Тогда некто, именем Иосиф, член совета, человек добрый и правдивый, не участвовавший в совете и в деле их; из Аримафеи, города Иудейского, ожидавший также Царствия Божия, пришел к Пилату и просил тела Иисусова; и, сняв его, обвил плащаницею и положил его в гробе, высеченном в скале, где еще никто не был положен.

В первый же день недели, очень рано, неся приготовленные ароматы, пришли они ко гробу, и вместе с ними некоторые другие; но нашли камень отваленным от гроба. И, войдя, не нашли тела Господа Иисуса. Когда же недоумевали они о сем, вдруг предстали перед ними два мужа в одеждах блистающих. И когда они были в страхе и наклонили лица свои к земле, сказали им: что вы ищете живого между мертвыми? Его нет здесь: Он воскрес.

Лк 23, 44-46.50.52-53; 24, 1-6a

Вот евангельская сцена, на которую мы упорно и пристально лишь слегка приоткрываем глаза. Утро Воскресения, женщины идут к гробу с благовониями — образ, который иконография представила нам в виде тысячи живописных полотен: склоненные фигуры, корзинки с миром, лица, скованные скорбью. Мы автоматически предполагаем, что они идут плакать. Это кажется единственно логичным поступком. Но когда они прибывают на место, ангел задает им вопрос, который звучит как мягкий упрек: «Что вы ищете живого между мертвыми?».

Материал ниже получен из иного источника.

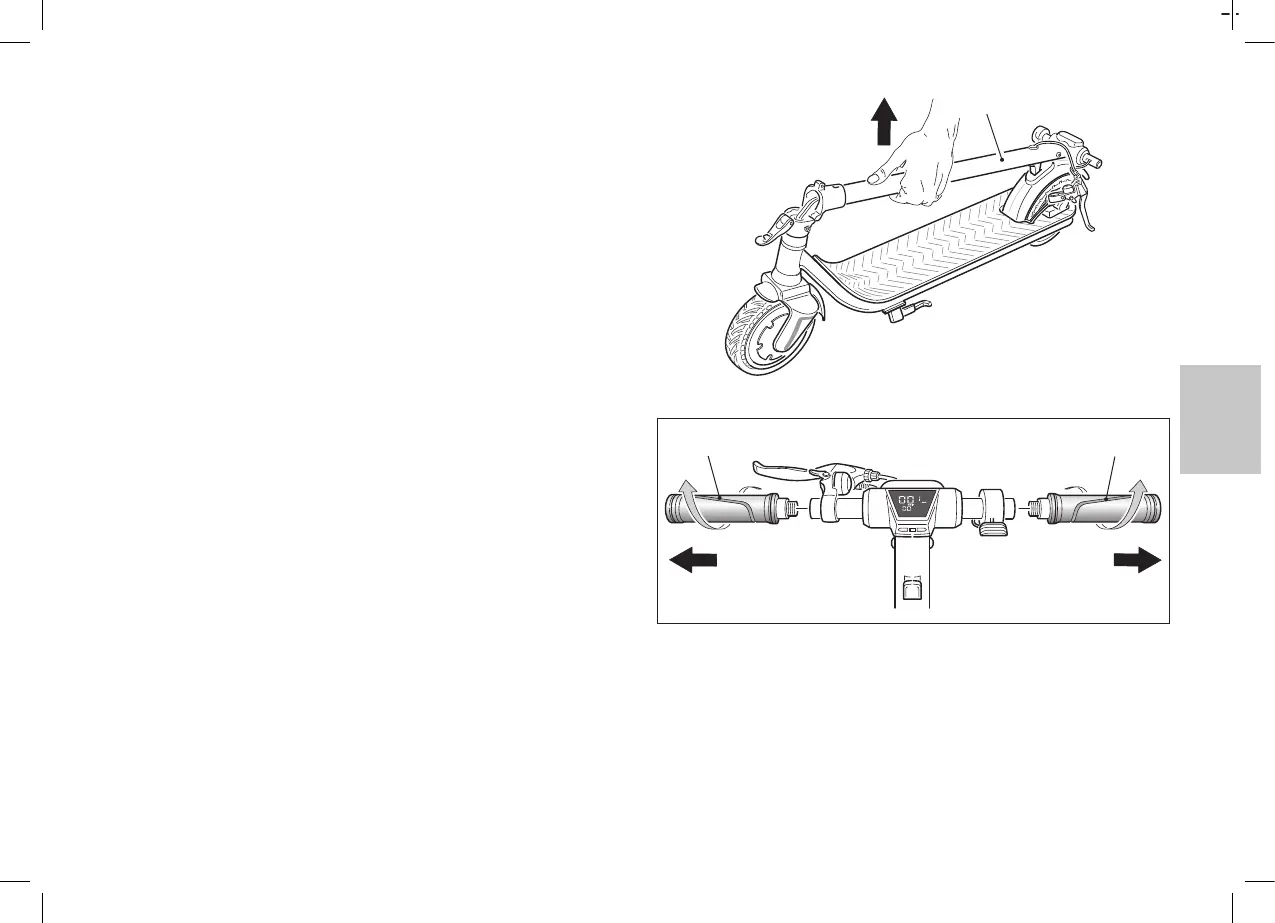 f• Um den Roller anzuheben, die Lenksäule (7) ergreifen, dabei

Вопрос можно прочитать как тонкую цензуру их горя.

В этом евангельском повествовании нет драматического описания отчаяния. Есть лишь факты: женщины приходят, камень отвален, тела нет. И тогда ангелы — те, кто всегда в Писании приносит неожиданное — предлагают интеллектуальный скачок: живого нельзя искать среди мертвых. Логика безупречна, но она требует мгновенной перестройки внутреннего театра.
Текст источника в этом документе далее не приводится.